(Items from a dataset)
* * *

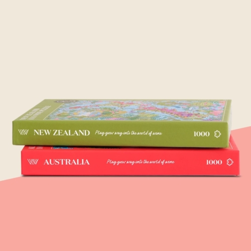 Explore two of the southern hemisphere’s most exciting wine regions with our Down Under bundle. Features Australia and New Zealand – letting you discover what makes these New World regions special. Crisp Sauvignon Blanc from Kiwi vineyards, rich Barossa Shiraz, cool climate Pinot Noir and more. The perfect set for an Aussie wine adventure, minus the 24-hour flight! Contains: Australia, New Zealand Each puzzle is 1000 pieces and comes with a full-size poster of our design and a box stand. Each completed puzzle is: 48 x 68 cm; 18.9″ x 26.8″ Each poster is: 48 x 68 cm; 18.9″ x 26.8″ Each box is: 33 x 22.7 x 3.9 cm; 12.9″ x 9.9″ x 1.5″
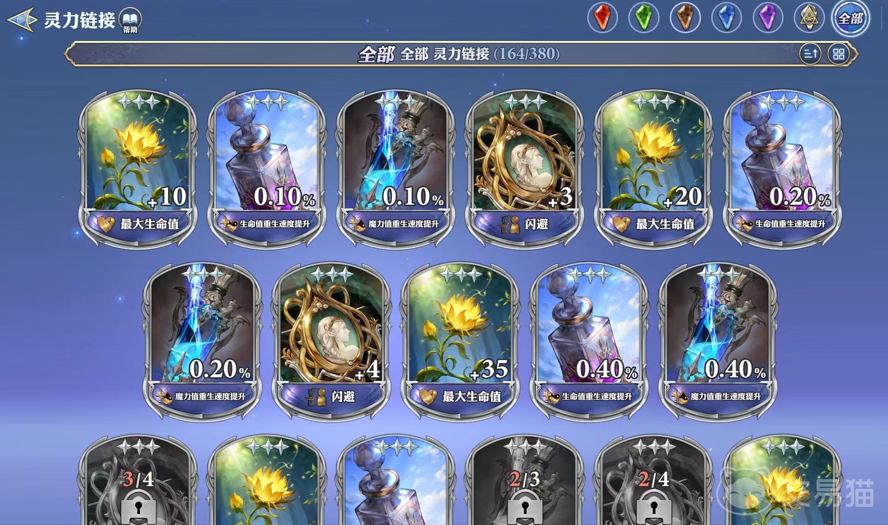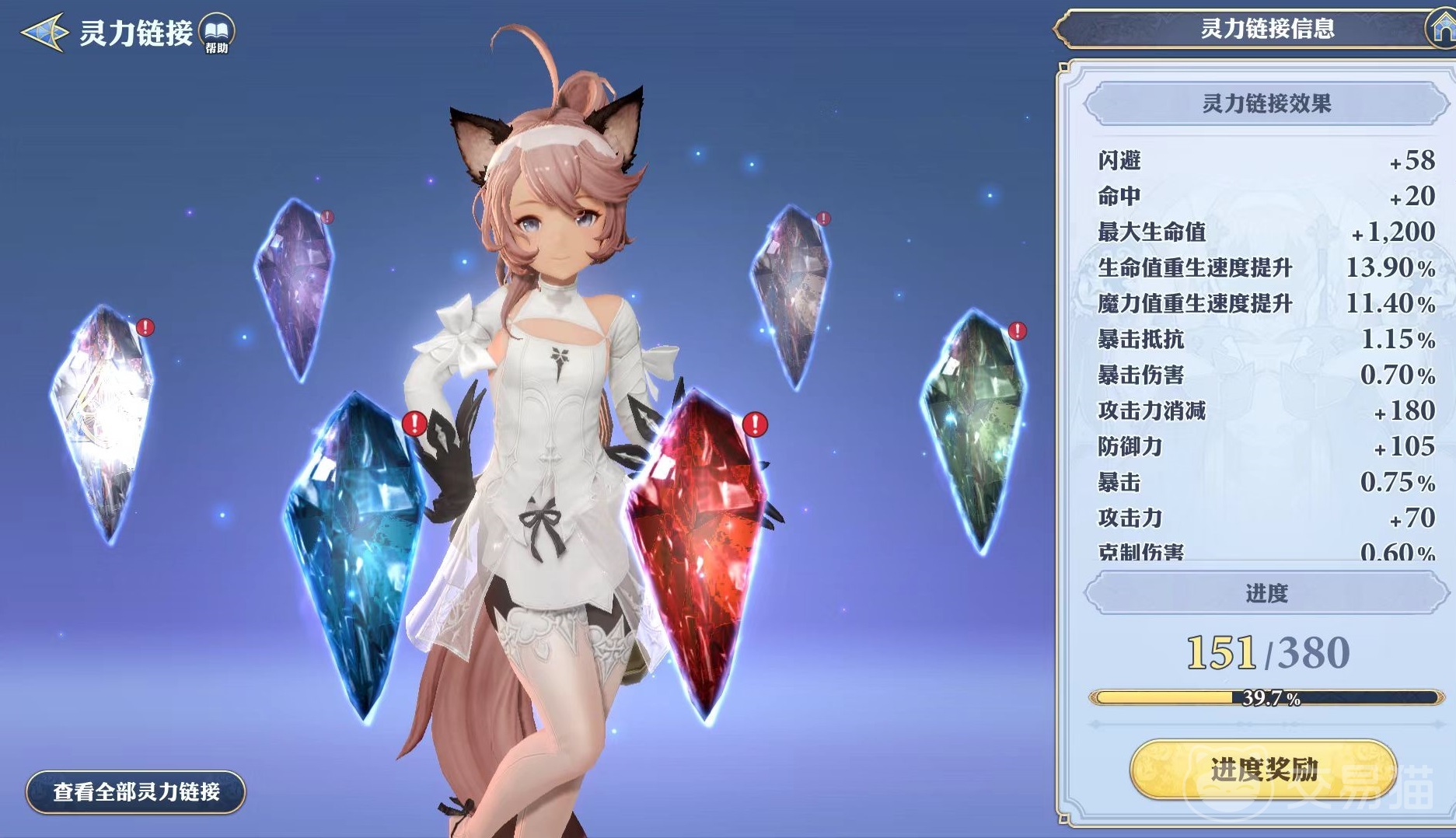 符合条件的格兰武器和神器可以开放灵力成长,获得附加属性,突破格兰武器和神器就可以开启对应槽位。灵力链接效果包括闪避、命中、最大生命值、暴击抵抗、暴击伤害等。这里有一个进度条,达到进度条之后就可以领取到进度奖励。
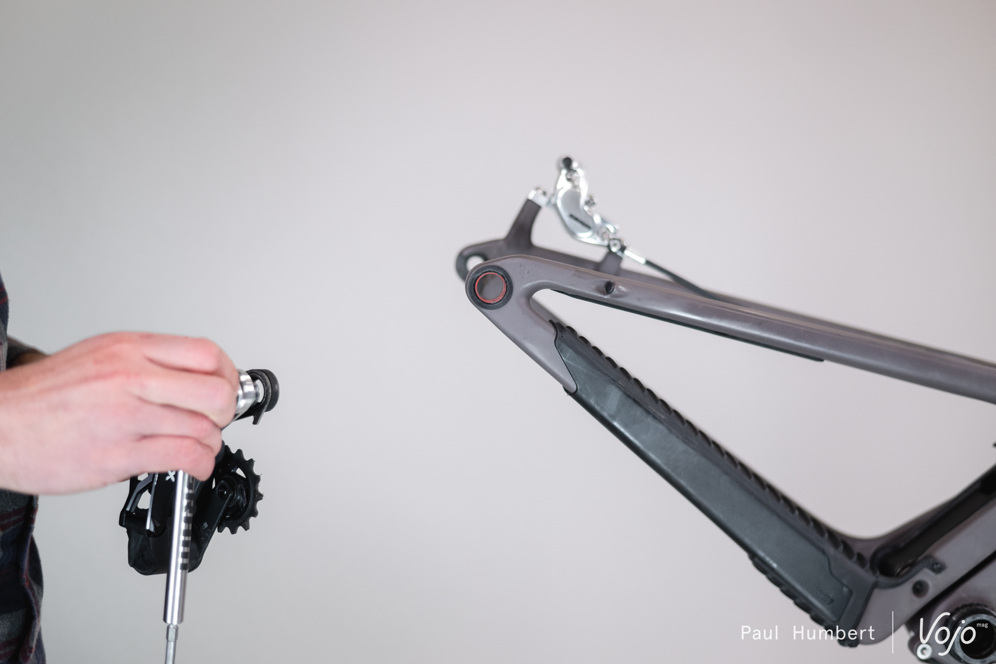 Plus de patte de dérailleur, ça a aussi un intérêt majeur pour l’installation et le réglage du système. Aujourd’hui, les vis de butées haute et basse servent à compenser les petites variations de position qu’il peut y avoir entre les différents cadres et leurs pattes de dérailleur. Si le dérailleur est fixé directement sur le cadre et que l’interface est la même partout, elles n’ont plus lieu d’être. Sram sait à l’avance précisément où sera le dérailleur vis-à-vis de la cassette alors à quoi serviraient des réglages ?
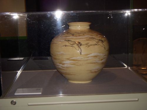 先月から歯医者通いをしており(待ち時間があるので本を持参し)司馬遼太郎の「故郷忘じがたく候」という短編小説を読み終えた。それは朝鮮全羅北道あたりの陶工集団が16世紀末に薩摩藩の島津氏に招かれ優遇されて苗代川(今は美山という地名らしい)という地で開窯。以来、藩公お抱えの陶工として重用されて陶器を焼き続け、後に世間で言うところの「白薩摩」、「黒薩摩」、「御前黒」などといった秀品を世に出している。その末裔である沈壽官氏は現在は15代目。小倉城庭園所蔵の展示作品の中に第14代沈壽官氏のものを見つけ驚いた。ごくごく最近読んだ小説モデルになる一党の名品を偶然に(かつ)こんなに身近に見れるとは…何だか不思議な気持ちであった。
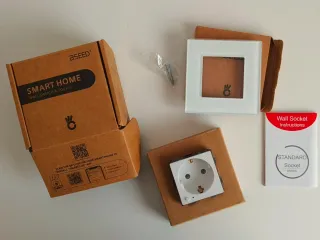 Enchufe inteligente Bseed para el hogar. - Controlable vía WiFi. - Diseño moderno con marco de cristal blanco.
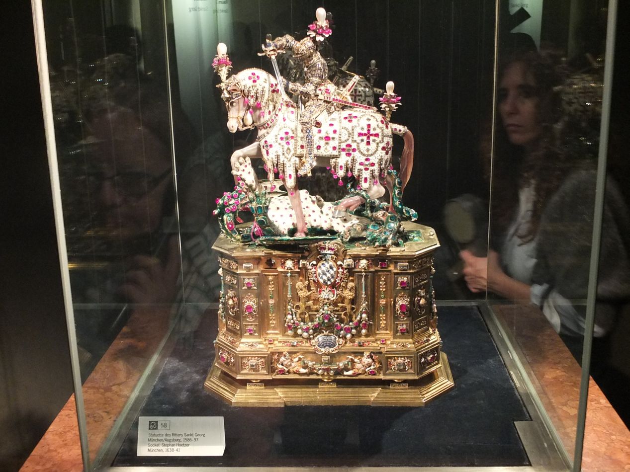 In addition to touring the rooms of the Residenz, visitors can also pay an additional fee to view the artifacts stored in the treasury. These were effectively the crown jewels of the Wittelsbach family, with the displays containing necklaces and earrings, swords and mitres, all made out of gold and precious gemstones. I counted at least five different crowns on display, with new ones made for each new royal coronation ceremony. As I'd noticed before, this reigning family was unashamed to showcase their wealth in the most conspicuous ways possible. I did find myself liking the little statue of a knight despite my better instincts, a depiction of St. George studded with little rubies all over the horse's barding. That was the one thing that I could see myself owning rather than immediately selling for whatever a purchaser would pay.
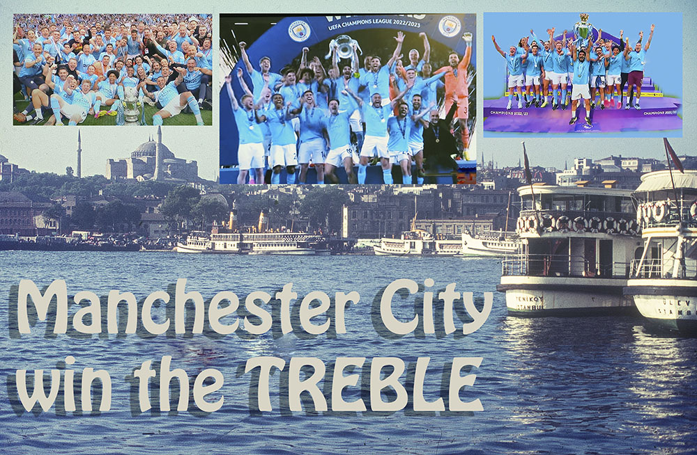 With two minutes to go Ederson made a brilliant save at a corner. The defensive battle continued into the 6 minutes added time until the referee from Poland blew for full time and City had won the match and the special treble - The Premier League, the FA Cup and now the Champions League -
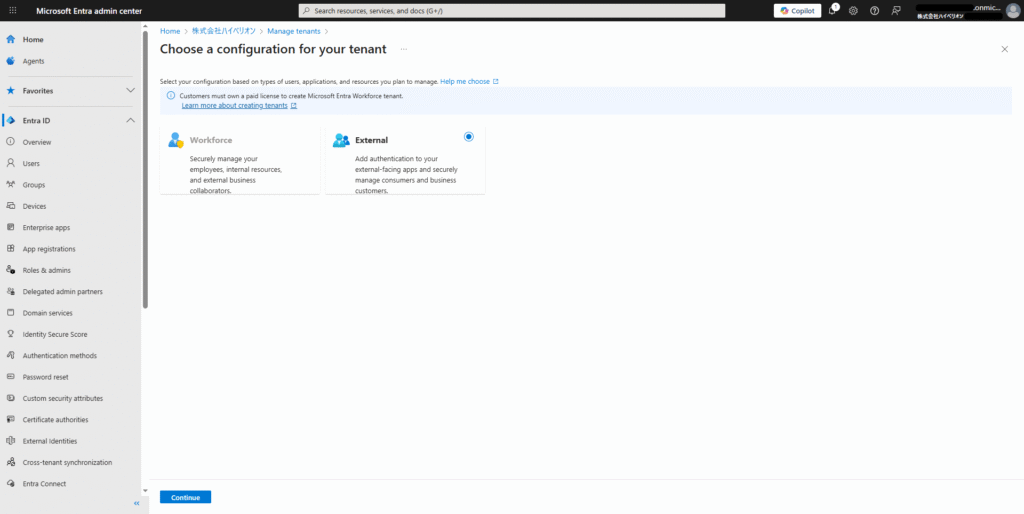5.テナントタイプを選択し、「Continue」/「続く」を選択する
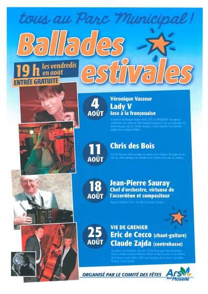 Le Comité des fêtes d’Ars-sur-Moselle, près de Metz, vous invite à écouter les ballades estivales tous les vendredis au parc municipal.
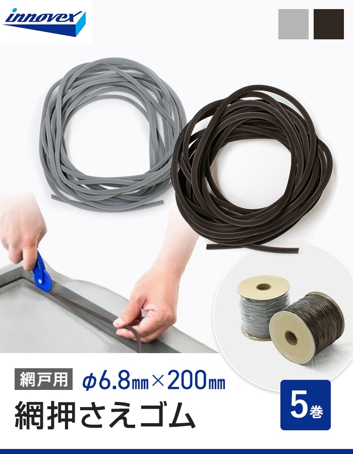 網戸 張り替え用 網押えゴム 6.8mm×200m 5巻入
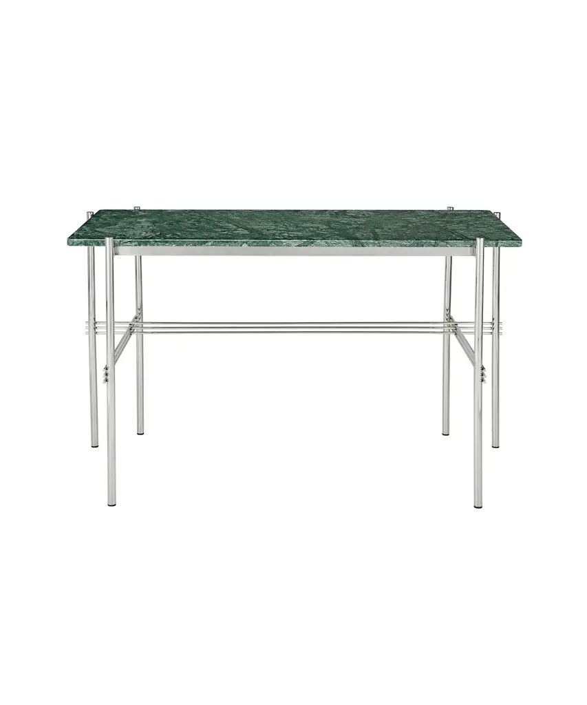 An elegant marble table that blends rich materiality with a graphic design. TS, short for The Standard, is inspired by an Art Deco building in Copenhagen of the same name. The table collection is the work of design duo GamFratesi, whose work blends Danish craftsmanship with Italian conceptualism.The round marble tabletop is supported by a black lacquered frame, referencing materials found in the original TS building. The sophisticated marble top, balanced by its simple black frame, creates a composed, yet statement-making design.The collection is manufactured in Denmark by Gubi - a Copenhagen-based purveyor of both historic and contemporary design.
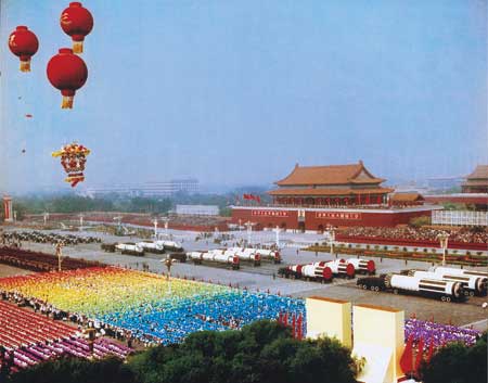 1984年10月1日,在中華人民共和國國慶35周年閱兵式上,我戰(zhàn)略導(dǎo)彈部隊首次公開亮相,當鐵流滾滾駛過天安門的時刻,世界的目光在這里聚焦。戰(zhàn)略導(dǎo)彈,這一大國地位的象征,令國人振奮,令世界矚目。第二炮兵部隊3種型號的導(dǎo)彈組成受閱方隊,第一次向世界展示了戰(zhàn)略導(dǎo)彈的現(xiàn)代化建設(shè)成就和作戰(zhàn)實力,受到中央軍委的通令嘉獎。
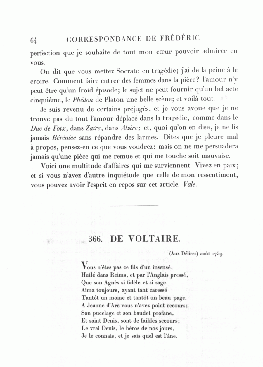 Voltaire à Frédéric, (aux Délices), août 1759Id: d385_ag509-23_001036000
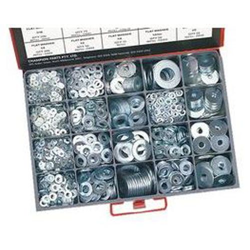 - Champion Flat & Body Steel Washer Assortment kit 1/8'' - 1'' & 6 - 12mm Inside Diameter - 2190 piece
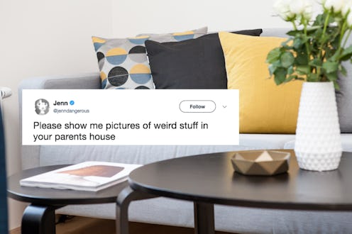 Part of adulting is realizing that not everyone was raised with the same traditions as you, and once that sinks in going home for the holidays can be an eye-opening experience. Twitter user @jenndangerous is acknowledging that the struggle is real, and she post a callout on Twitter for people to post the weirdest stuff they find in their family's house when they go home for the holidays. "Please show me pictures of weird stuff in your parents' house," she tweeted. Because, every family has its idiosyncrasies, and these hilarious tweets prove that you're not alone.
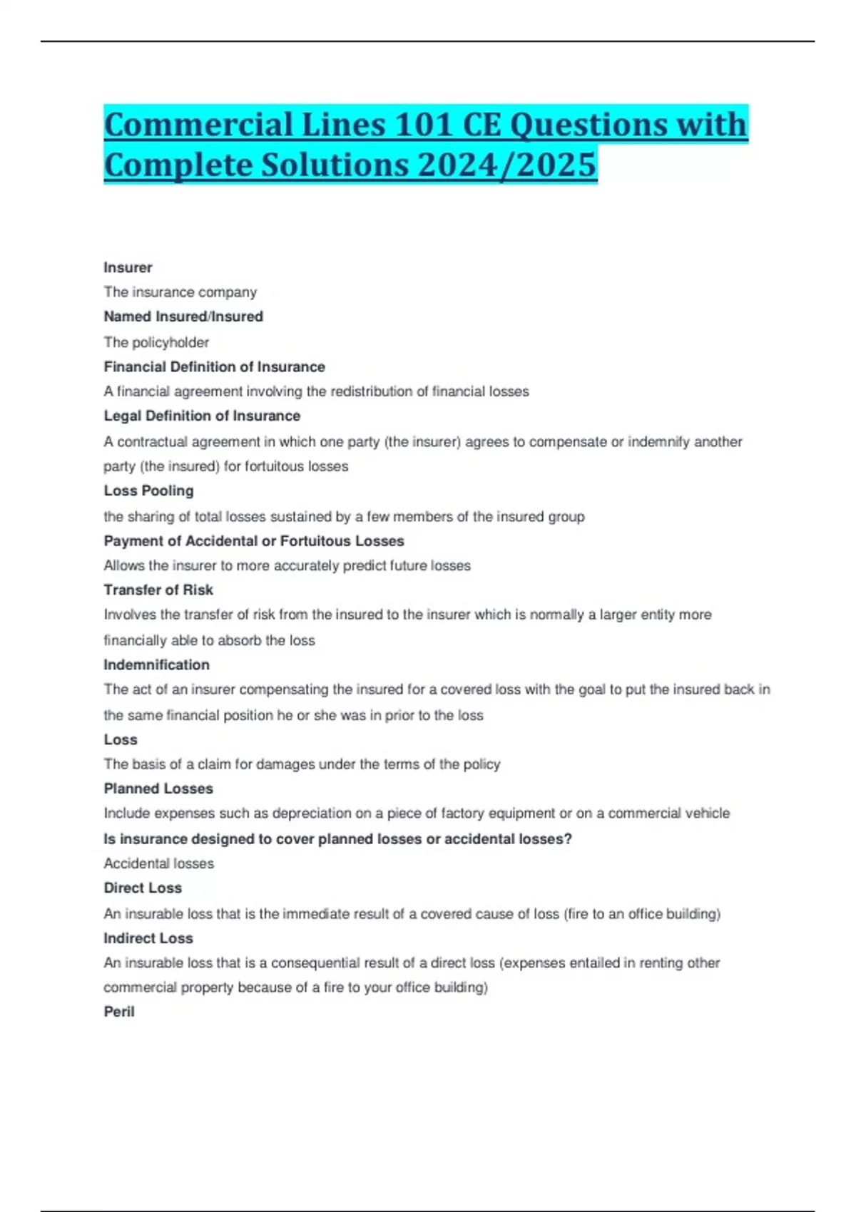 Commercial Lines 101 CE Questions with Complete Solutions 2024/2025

* * *

● **WHAT IS EXPECTED**
Beginning at the line above that contains "With two minutes", repeat each line exactly through the one that contains "5.テナントタイプを選択し、「Continue」/「続く」を選択する", and leave out the pictures.

● **EXPECTED ANSWER**
 With two minutes to go Ederson made a brilliant save at a corner. The defensive battle continued into the 6 minutes added time until the referee from Poland blew for full time and City had won the match and the special treble - The Premier League, the FA Cup and now the Champions League -
5.テナントタイプを選択し、「Continue」/「続く」を選択する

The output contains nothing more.